Chief Justice John Roberts Jr. appeared to be in the majority along with liberal Justices Ruth Bader Ginsburg, Stephen Breyer, Sonia Sotomayor and Elena Kagan.

Justice Brett Kavanaugh wrote separately to say he agreed with the decision, but that the issue warrants the Supreme Court’s attention.

“I share Justice Alito’s concern that some federal and state courts may not be properly applying” the Supreme Court’s decision recognizing an individual’s right to gun ownership, Kavanaugh wrote.

“The court should address that issue soon, perhaps in one of the several Second Amendment cases with petitions for certiorari now pending before the court.”

The arguments in December on the New York case were the first time the court had considered the limits of gun-control measures since the retirement of Justice Anthony Kennedy, who played a pivotal role between conservatives and liberals on such cases. But most of the discussion involved questions about whether the court still had a live controversy because the restrictions were no longer on the books.

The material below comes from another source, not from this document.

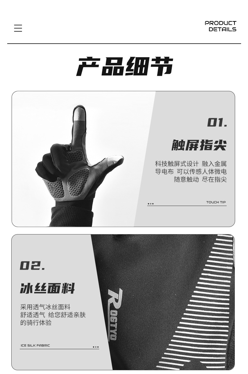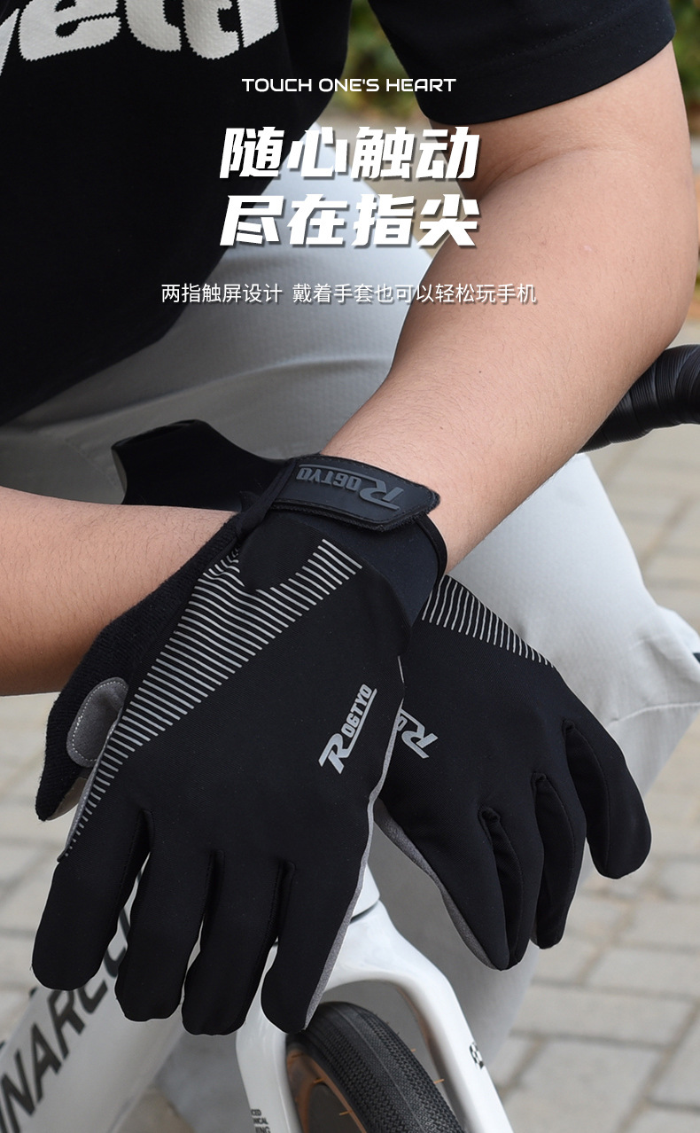 ROGTYO自転車に乗る手袋の長い指はタッチパネルの道路の車のオートバイの手袋のすべての指の男女の春秋の冬を指します。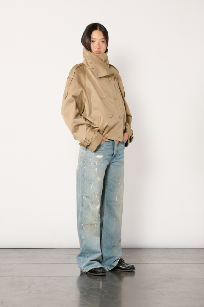 Il dispose également d'une construction classique à cinq poches et d'une braguette à boutons.

Richard Dearing, representing the city of New York, told the court in November that the city would not undertake “any prosecution or action” based on the now-repealed regulations.

The lawsuit was brought by the New York State Rifle and Pistol Association, an affiliate of the National Rifle Association. Paul Clement, the lawyer representing the association, argued that the case was still live because the new restrictions do not make clear whether his clients could be harmed for making a stop for coffee or to use the restroom while transporting their unloaded weapons to a shooting range, for instance.

The Trump administration had weighed in on the side of the challengers. Deputy Solicitor General Jeffrey Wall said the case was still alive because of the possibility that the plaintiffs in the case could seek damages for having their rights violated by the old transport ban.

The case reached the Supreme Court after the U.S. Court of Appeals for the 2nd Circuit ruled for the city. It said petitioners had not shown there was inadequate access to one of the seven firing ranges in the city, that petitioners could not rent a firearm if they wanted to go to a range elsewhere, or that the upstate homeowner could not get a permit to keep a second handgun there.

The Washington Post’s Ann E. Marimow contributed to this story.